_Supplied information:_
-=-=-=-=-
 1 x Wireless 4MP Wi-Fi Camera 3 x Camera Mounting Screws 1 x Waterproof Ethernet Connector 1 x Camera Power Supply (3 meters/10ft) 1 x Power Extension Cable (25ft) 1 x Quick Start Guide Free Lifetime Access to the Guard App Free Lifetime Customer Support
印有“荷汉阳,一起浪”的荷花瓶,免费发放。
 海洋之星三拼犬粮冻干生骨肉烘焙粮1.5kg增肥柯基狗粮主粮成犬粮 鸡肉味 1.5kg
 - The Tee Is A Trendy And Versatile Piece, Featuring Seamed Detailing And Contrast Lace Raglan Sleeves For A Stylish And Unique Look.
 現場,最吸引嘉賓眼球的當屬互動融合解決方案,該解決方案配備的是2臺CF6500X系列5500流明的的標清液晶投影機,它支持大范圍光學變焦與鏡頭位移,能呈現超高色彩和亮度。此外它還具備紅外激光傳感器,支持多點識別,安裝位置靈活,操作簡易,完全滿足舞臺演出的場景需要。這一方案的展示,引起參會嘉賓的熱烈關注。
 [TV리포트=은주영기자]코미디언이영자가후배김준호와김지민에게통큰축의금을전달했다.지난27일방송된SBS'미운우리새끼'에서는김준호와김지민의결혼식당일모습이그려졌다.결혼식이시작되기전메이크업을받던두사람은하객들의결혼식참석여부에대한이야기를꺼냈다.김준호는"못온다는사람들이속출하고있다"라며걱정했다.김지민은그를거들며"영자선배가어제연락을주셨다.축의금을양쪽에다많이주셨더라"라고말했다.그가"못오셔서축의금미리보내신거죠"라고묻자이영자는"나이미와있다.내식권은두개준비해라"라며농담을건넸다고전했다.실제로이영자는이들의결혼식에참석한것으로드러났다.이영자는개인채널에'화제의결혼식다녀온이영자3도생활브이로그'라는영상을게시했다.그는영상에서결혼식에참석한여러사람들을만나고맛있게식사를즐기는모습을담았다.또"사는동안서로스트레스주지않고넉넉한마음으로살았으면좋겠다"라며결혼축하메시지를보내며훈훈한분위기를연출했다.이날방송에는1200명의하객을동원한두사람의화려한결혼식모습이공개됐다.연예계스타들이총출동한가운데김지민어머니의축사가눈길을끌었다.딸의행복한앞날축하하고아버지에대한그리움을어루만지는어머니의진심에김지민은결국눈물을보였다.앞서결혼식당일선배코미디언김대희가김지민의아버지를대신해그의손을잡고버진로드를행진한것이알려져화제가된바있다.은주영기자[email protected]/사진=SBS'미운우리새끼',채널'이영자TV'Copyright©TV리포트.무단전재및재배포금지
-=-=-=-=-
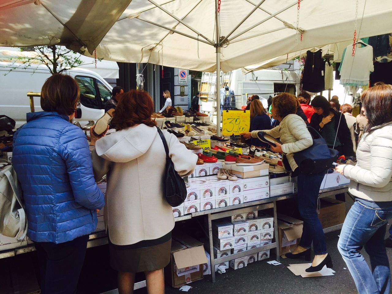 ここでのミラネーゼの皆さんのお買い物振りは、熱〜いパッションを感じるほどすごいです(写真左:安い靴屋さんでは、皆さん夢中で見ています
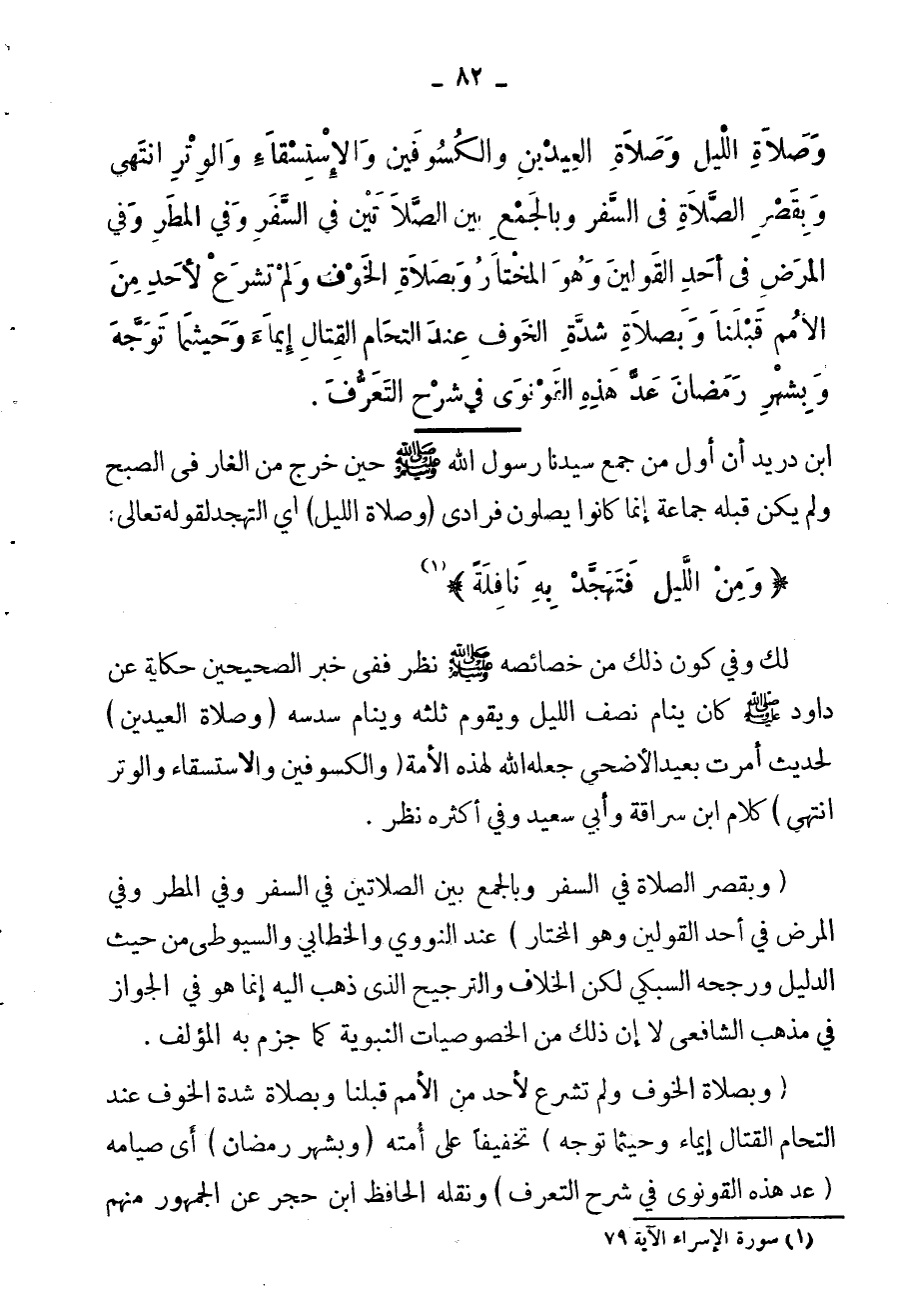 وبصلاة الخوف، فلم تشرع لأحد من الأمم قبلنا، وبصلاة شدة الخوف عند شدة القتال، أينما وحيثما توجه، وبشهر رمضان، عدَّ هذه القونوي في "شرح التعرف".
-=-=-=-=-
_Task to complete:_
Using the material above, transcribe exactly the lines from the line with "現場,最吸引嘉賓眼球的當屬互" to the line with "[TV리포트=은주영기자]코"; both count, and nothing else goes in.

_Task solution:_
 現場,最吸引嘉賓眼球的當屬互動融合解決方案,該解決方案配備的是2臺CF6500X系列5500流明的的標清液晶投影機,它支持大范圍光學變焦與鏡頭位移,能呈現超高色彩和亮度。此外它還具備紅外激光傳感器,支持多點識別,安裝位置靈活,操作簡易,完全滿足舞臺演出的場景需要。這一方案的展示,引起參會嘉賓的熱烈關注。
 [TV리포트=은주영기자]코미디언이영자가후배김준호와김지민에게통큰축의금을전달했다.지난27일방송된SBS'미운우리새끼'에서는김준호와김지민의결혼식당일모습이그려졌다.결혼식이시작되기전메이크업을받던두사람은하객들의결혼식참석여부에대한이야기를꺼냈다.김준호는"못온다는사람들이속출하고있다"라며걱정했다.김지민은그를거들며"영자선배가어제연락을주셨다.축의금을양쪽에다많이주셨더라"라고말했다.그가"못오셔서축의금미리보내신거죠"라고묻자이영자는"나이미와있다.내식권은두개준비해라"라며농담을건넸다고전했다.실제로이영자는이들의결혼식에참석한것으로드러났다.이영자는개인채널에'화제의결혼식다녀온이영자3도생활브이로그'라는영상을게시했다.그는영상에서결혼식에참석한여러사람들을만나고맛있게식사를즐기는모습을담았다.또"사는동안서로스트레스주지않고넉넉한마음으로살았으면좋겠다"라며결혼축하메시지를보내며훈훈한분위기를연출했다.이날방송에는1200명의하객을동원한두사람의화려한결혼식모습이공개됐다.연예계스타들이총출동한가운데김지민어머니의축사가눈길을끌었다.딸의행복한앞날축하하고아버지에대한그리움을어루만지는어머니의진심에김지민은결국눈물을보였다.앞서결혼식당일선배코미디언김대희가김지민의아버지를대신해그의손을잡고버진로드를행진한것이알려져화제가된바있다.은주영기자[email protected]/사진=SBS'미운우리새끼',채널'이영자TV'Copyright©TV리포트.무단전재및재배포금지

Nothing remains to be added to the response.